The performance evaluation clearly places the CAT Crawler meta-search engine on par with the individual search engines at BestBETs and UMHS as far as recall is concerned, and well above them for precision (see Table 2 and Figure 2). According to these results, the application can be called successful: by using the CAT Crawler to look for relevant information at specific sites, the medical professional will obtain as much information as by going to the sites directly, but the precision of the obtained results will be higher.
Benoit  has analyzed various methods of information retrieval and their impact on user behavior. He finds that users wish for greater interactive opportunities to determine for themselves the potential relevance of documents, and that a parts-of-document approach is preferable for many information retrieval situations. At present, the CAT Crawler allows a number of interactive opportunities , but their implementation would have no impact on the calculation of recall and precision under the condition of the present study. Benoit's reasoning should be kept in mind, however, for improving the user friendliness in the sense that some further useful filter functions can be included in future versions of the application. While such advanced search functions will be profitable when large datasets are studied, the currently still manageable information in the online CAT libraries  will serve the user better if initially displayed in a broader way. For example, some of the information displayed here may be older than 18 months, which makes it undesirable according to the strict rules for CAT updating as defined by Sackett et al . Formally outdated information, however, may in a given situation still be "best evidence" and positively influence the decision-making. Use of filters to block aged information will certainly influence this process.
Despite the encouraging results, some fundamental questions regarding the evaluation of this meta-search engine in particular, and also meta-search engines in general remain unsolved.
With regard to recall, there is the theoretical possibility that manually searching all documents at a given repository will yield a higher recall for a given search term. In view of hundreds of CAT documents per repository, however, it seems unlikely that a human evaluator's attention will not wander, leading to less than optimal scrutiny of the documents and introducing a non-quantifiable error to the evaluation. This is a general problem of knowledge databases, especially when indexing is done by humans, whose decisions are not consistent.
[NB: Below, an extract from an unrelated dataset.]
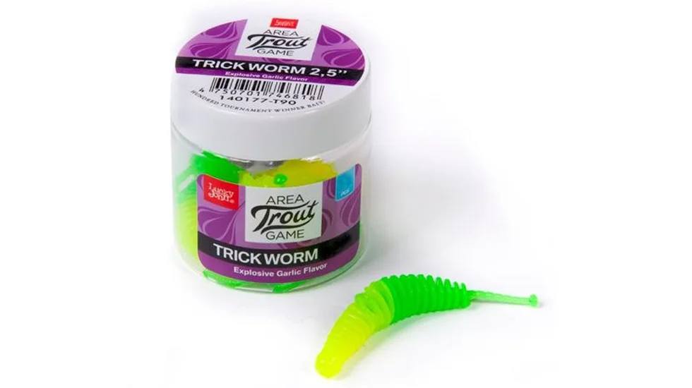Компанія Lucky John розробила нову програму для любителів лову ставкової форелі. Серія приманок Trick Worm входить в лінійку спеціалізованих форелевих приманок. Крім риболовлі на прісноводних ставках, ця модель може використовуватися для рокфішингового лову. Об'ємна приманка з ребристим тілом добре підходить для оснасток "дроп-шот", "джиг ріг", каролінських і техаських монтажів. Вона представлена в яскравих забарвленнях, традиційно використовуваних для форелевої риболовлі. Принади Trick Worm - "їстівні". Вони оброблені великою кількістю маслянистого атрактанта з насиченим запахом часнику. Принади упаковані в пластикові баночки з герметичною кришкою, які краще зберігають аромат атрактантів. У кожній банці - 10 шт.

In a study of 700 Medline references indexed in duplicate, the consistency of main subject-heading indexing was only 68% and that for heading-subheading combinations was significantly less . Also, in two studies [17, 18] on Medline searching, there was considerable disagreement by those judging relevance of the retrieved documents regarding which documents were relevant to a given query.
In order to overcome this problem, the number of documents that contained a given keyword as found by the keyword extractor was used as the basis for calculating the technical recall. This may (or may not) lead to numerical results for recall that differ from the absolute true value as determined above. As the same numbers are used throughout, however, the comparison of search results obtained by the individual search engines and the CAT Crawler meta-search engine remains valid.
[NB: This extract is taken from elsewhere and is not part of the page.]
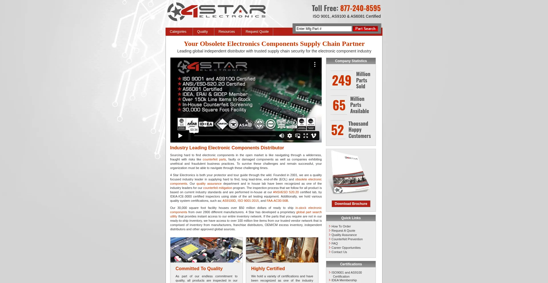 4 Star Electronics is an industry leading ISO 9001:2008 AS9120A certified electronic components distributor specializing in discontinued & obsolete electronic components.

Critics have pointed out the over-reliance of researchers on the use of recall and precision in evaluation studies  and the difficulty to design an experiment that allows both laboratory-style control and operational realism . For instance, recall may be of only little consequence once the user has found a useful document. Rhodes and Maes  evaluated both with a traditional field user test and then asked for relevance feedback. In their experiment, users gave a score 1–5 to each document that was delivered to calculate an overall average value for perceived precision. While a document can get a high score for precision, it may at the same time get a low score for practical usefulness. This was often due to the fact that the documents were already known to the users, in some cases had even been written by them. Accordingly, Rhodes and Maes  added features to the system that weeded out relevant documents that by some predefined criteria would not be useful. As a result, the measurable precision could be worse, but the overall usefulness could be better. In the study presented here, a similar approach was chosen in the instructions to the evaluators in the sense that they could make the distinction between 'irrelevant' (e.g. the retrieved document was only a web hosted clinical question) and 'medically irrelevant' (e.g. the word Appendicitis appeared only in the reference section of a document dealing with questions of abdominal pain relief). Due to the relatively small number, no difference could be detected between the various grades of relevance, and results were pooled to relevant/irrelevant and used for calculating recall and precision as described above. If a larger number of volunteers could be recruited, repetition of this evaluation might yield interesting results.
Other approaches have been spawned to evaluating system effectiveness in order to minimize these problems with recall and precision. One example are task-oriented methods that measure how well the user can perform certain tasks [21–24]. These different approaches were not chosen in this study for a reason: the primary aim was to compare the search engines. Under the present restrictions, recall and precision allow to answer this question.